DroneGun Tactical is Your New and Improved Portable Drone Downer

The DroneGun Tactical is more ergonomic, portable, and effective than its predecessor - well, mostly. Let's take a look inside.

DroneShield

DroneShield’s new ‘DroneGun Tactical’ is a refined, more portable version of its predecessor, 2017’s ‘DroneGun MKII.' This upgraded anti-drone gun—capable of downing an unmanned aerial vehicle (UAV) from over half a mile—has a few considerable improvements in its corner. On the other hand, this thing isn’t even legal in the United States if you’re a regular civilian, so there are definite pros and cons to consumer appeal, here. However, the fine-tuning that took place between models is definitely impressive; the Tactical is more portable, technologically capable, and seems ergonomically superior. Let’s get into it.
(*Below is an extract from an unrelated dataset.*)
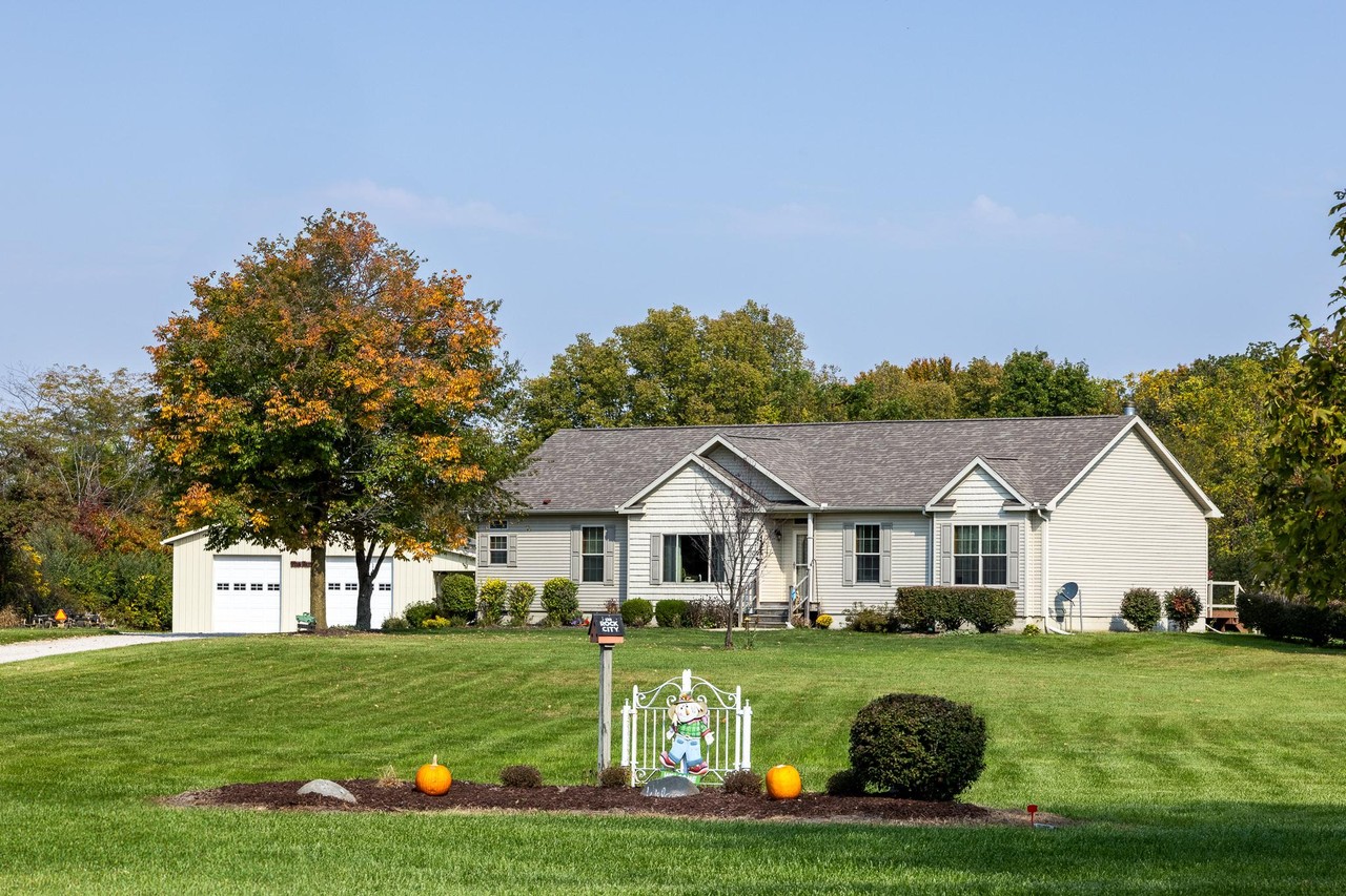This gorgeous home sits on 51.54 acres of land adjacent to Kickapoo State Park.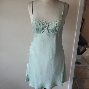 This charming mini dress from Princess Polly features a soft green hue and a structured bodice with defined cups for a flattering fit. The lightweight fabric flows gracefully to a mid-thigh length, offering a comfortable and elegant silhouette.

If you’ve read our anti-drone gun reporting before, you’re well aware of the process. While some drone guns shoot actual ballistics in hopes of damaging any unwelcome aerial visitors, most modern anti-drone guns use signal-jamming frequencies to confuse the incoming UAV. When a drone’s radio signals are interrupted or continuously jammed, the UAV either lands as a precautionary measure or returns back to its origin. Either way, the goal has been accomplished—your drone gun got rid of the intruder. But how does it look, and feel? 

While the dimensions themselves (41” length by 16.3” height by 4.8” width) may not impress you, the aesthetic certainly will. The Tactical appears like something right out of Paul Verhoeven film, or classic first-person shooter Doom. The futurism on display here isn’t relegated to the visuals alone, either, as this drone-downer packs quite the sophisticated punch in its innards, as well. According to DroneShield’s press release, while the new model retains the same 2.4Ghz/5.8Ghz ISM antennae, there is now an added GNSS antenna boasting 433MHz and 915 MHz frequencies, an intuitive user interface, and a seemingly far more ergonomic grip for better, more functional use. If there’s a drone that requires higher targeting, there’s even a secondary angled grip that allows users to wield the Tactical more practically. 

DroneShield

The user interface, providing battery and alert info, as well as audio muting and frequency specification.

It seems DroneShield has been quite aware that carrying and lifting their product would have to be one of the more important areas of focus and refinement, though the Tactical still weighs a hefty 15 pounds. Of course, the battle between portability and sophisticated tech implementation is never easy, and one or the other usually wins out. The Tactical, however, seems to strike an elegant compromise. Sure, 15 pounds isn’t as light as a smartphone, but those attempting to shoot drones out of the sky are probably used to lifting a few heavy items from time to time. Added to that, the perfect model takes time to reach, in all forward-facing fields of technology. The important thing is for each subsequent model to better than the last one, and the Tactical certainly appears to be. 

The negatives here could summarily be listed as a shorter range—the MKII’s jamming capabilities reached up to 1.2 miles, in contrast to the Tactical’s 0.5-miles-and-unspecified-change—and the fact that there’s no FCC approval to use this jamming gun as a regular civilian. Ultimately, DroneShield’s new product is for those already sure about their need of any potential anti-drone tech. As a city-dweller who doesn’t have any land to protect from surveillance or general aerial intrusion, this doesn’t really pertain to me. On the other hand, it’s impressive how rapidly anti-drone tech is growing, in lock-step with every technological leap that drones take themselves.